I’m newbie with CUDA and hit some unexpected problem. My code does lots of iterations, bit shifts, xor operations, … and all cumulative. All happens with uint64_t variables, which are all initialized prior start. Only one thread is launched (for testing), hence no race conditions. I’m using constant memory. Hardware is RTX 2080 SUPER.
Now … same departing point, different results, but only after the first couple of loops.
bug(s) in code; may be design issues or coding issues.
compiler code generation issue
hardware issue
The likelihood of item (1) is typically in the 95+% range. Depending on what kind of GPU you have, items (2) and (3) may apply in reverse. Beware in particular of heavily (vendor-)overclocked GPUs; these may have been insufficiently qualified for proper operation when using compute apps .
When you run the app under the control of cuda-memcheck, does it report any issues for the failing runs?
cuda-memcheck helped quite a lot! I managed to to reduce the problem to the printf function itself, which showed me the dump above. If I comment it out, no memory errors anymore! However I’d like to understand what happens here.
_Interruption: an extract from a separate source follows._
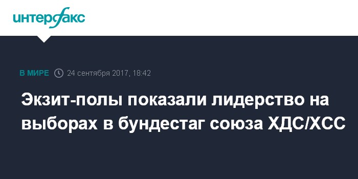 Москва. 24 сентября. INTERFAX.RU - Союз ХДС/ХСС, по данным экзит-полов, выходит на первое место в выборах в бундестаг, набирая 34% голосов, сообщает онлайн-портал немецкой газеты Bild.

Basically, I’m using inside the kernel …
uint64_t data;
...
printf("%lu \n", data);
… which should be fully legal code.
On the host, this doesn’t produce any issues, why inside the kernel?
...
========= Address 0x00fffcf0 is out of bounds
...
commenting out the printf may allow the compiler to dispense with other code in your kernel as well, which means your assumptions about what is happening and where the problem lies, may be incorrect. commenting out code can be quite a confusing strategy for either performance or debug when using an aggressively optimizing compiler. Use the method described here:
with cuda-memcheck to get teh actual line of source code that is generating the out-of-bounds access.